Real estate developers in Maharashtra have approached the state Real Estate Regulatory Authority (RERA) to allow them to extend the project delivery timelines by about six months, as rising inflation in key commodities like steel and cement is making it difficult to continue construction. However, a section of developers clarified that they are not looking to halt construction.

Last week, CREDAI Maharashtra has written a letter to Ajoy Mehta, chairman of Maharashtra RERA stating that they will be forced to halt purchase of raw materials due to the upward spiral in prices, which in turn will impact timely construction of projects in the absence of the extension.

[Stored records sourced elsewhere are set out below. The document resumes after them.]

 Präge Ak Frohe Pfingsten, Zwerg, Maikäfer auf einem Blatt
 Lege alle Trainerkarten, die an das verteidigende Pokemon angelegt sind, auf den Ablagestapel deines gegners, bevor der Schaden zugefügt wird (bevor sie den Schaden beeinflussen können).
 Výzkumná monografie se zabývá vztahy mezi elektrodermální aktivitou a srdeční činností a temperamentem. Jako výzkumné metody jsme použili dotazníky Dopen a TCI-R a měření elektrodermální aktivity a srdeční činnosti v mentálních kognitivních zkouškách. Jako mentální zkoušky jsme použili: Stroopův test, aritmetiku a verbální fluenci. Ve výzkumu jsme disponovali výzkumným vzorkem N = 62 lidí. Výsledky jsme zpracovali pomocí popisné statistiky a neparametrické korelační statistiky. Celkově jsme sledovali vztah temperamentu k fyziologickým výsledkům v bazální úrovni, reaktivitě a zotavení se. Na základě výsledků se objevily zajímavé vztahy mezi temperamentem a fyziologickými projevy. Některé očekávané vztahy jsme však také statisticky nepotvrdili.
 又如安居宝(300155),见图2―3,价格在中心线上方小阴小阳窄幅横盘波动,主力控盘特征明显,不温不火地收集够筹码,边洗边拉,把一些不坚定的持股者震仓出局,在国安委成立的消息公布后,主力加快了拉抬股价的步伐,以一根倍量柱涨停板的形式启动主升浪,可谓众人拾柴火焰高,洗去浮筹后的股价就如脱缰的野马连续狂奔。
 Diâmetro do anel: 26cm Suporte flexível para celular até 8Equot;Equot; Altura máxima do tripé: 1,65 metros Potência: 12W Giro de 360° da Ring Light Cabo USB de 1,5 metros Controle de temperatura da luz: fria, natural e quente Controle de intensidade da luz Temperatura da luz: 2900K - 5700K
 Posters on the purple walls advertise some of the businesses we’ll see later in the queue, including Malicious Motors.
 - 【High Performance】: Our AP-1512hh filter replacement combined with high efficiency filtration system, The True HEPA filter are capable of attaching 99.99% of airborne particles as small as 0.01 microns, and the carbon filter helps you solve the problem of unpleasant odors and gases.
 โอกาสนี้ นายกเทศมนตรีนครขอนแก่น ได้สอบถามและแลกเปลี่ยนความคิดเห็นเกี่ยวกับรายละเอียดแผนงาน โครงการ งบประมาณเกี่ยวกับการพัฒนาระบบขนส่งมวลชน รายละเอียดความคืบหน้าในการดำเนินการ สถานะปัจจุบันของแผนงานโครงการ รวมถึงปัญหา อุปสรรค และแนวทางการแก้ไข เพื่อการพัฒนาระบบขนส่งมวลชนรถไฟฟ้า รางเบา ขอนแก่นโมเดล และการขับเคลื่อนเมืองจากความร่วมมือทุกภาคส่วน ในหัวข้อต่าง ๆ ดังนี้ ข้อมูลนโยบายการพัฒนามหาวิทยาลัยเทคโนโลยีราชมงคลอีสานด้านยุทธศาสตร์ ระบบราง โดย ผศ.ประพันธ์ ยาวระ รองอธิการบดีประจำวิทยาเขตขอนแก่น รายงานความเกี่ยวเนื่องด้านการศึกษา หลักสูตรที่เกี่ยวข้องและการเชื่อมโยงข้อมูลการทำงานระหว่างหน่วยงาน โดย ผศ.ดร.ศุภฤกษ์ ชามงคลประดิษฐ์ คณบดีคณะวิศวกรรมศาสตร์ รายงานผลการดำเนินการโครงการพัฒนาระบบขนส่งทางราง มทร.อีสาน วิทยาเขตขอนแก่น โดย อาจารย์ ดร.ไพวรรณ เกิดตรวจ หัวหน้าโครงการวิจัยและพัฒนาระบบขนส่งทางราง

“It has become very difficult for the builders and developers to complete the project in the declared selling price, as the cost of construction has increased day by day. The developers are going to pause/stop the construction work for sometime to avoid purchasing the raw material with inflated price as it has become unbearable. It is understood that a period of 3-6 months will be required to settle down the raw material prices and to restore the post war effects,” Sunil Furde, president, CREDAI Maharashtra said in the letter to Maha RERA.

Developers said that the commodity prices which have been rising for the last two years, have seen a further increase since the start of the armed conflict between Russia and Ukraine leading to construction cost increase of 500 to 700 per square feet.

Kapil Gandhi, convenor PR, CREDAI Maharashtra said that smaller developers, and those in tier II and III cities are finding it particularly hard to sustain construction activity at the present inflation levels. “The developers in smaller cities of Maharashtra have a selling price of `3,000-4,000 per square feet, with cost escalations as high as this they will not be able to continue with construction activities and would like to stop purchases for sometime till the situation stabilises,” he said.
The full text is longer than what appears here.